Materials provided:
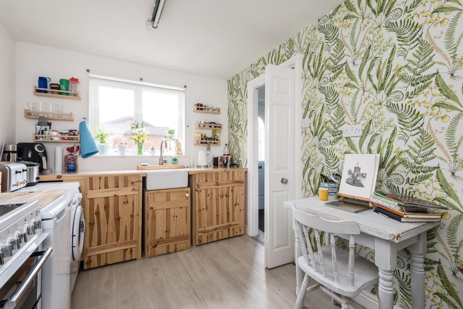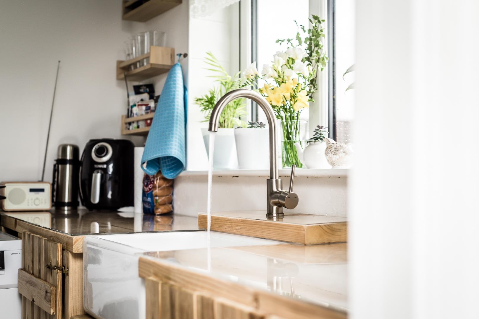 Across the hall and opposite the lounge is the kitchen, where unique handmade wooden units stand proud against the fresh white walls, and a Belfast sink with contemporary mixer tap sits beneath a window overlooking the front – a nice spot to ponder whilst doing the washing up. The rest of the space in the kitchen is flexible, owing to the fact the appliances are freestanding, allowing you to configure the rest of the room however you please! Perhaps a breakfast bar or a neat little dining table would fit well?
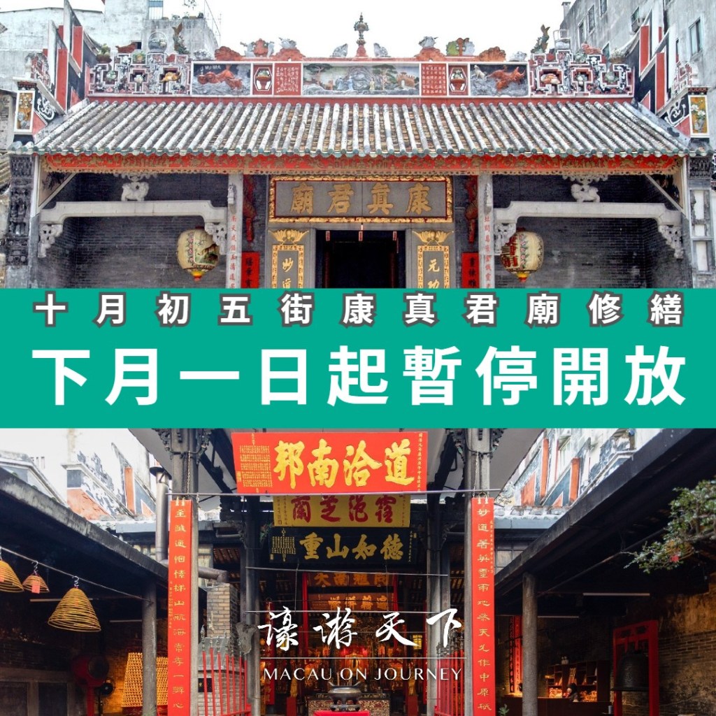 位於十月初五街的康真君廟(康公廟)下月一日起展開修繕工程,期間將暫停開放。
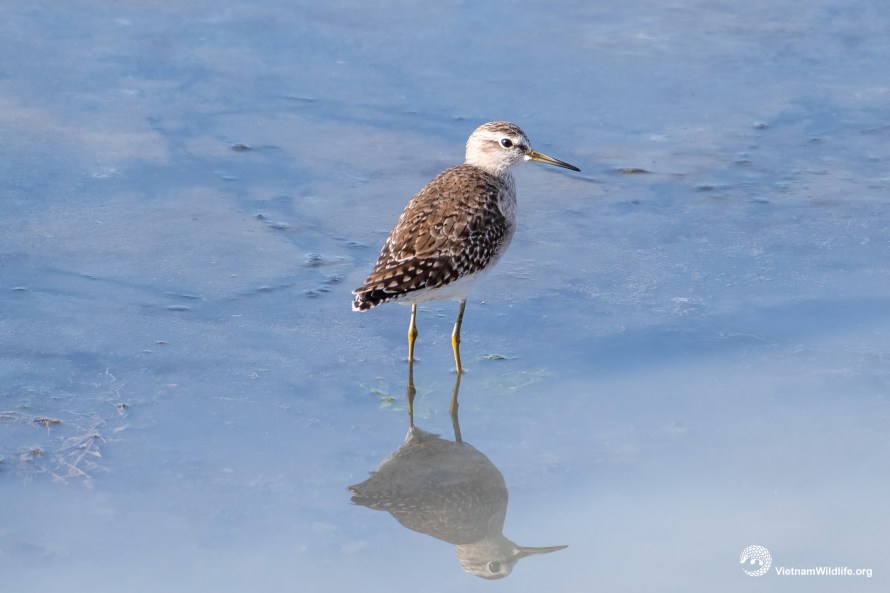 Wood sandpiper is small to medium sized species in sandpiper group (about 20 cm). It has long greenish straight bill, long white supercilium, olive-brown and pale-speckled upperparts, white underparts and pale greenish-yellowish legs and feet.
...
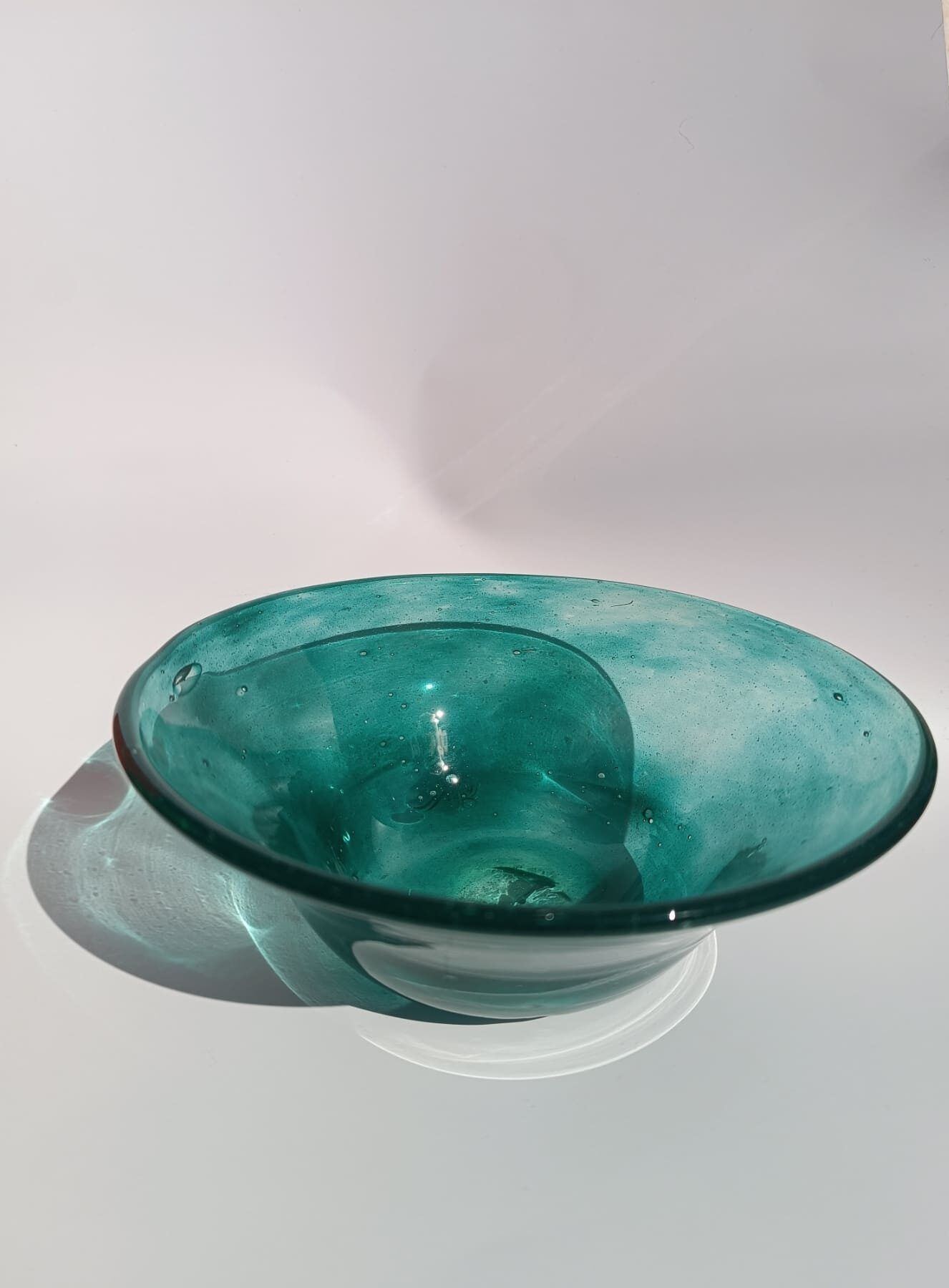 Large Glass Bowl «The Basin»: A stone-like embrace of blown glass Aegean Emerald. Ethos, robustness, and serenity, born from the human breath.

Exercise directions:
Output only the lines above from the one containing "Across the hall" to the one containing "Wood sandpiper is", both included, exactly as written and with no pictures.

Result of this exercise:
 Across the hall and opposite the lounge is the kitchen, where unique handmade wooden units stand proud against the fresh white walls, and a Belfast sink with contemporary mixer tap sits beneath a window overlooking the front – a nice spot to ponder whilst doing the washing up. The rest of the space in the kitchen is flexible, owing to the fact the appliances are freestanding, allowing you to configure the rest of the room however you please! Perhaps a breakfast bar or a neat little dining table would fit well?
 位於十月初五街的康真君廟(康公廟)下月一日起展開修繕工程,期間將暫停開放。
 Wood sandpiper is small to medium sized species in sandpiper group (about 20 cm). It has long greenish straight bill, long white supercilium, olive-brown and pale-speckled upperparts, white underparts and pale greenish-yellowish legs and feet.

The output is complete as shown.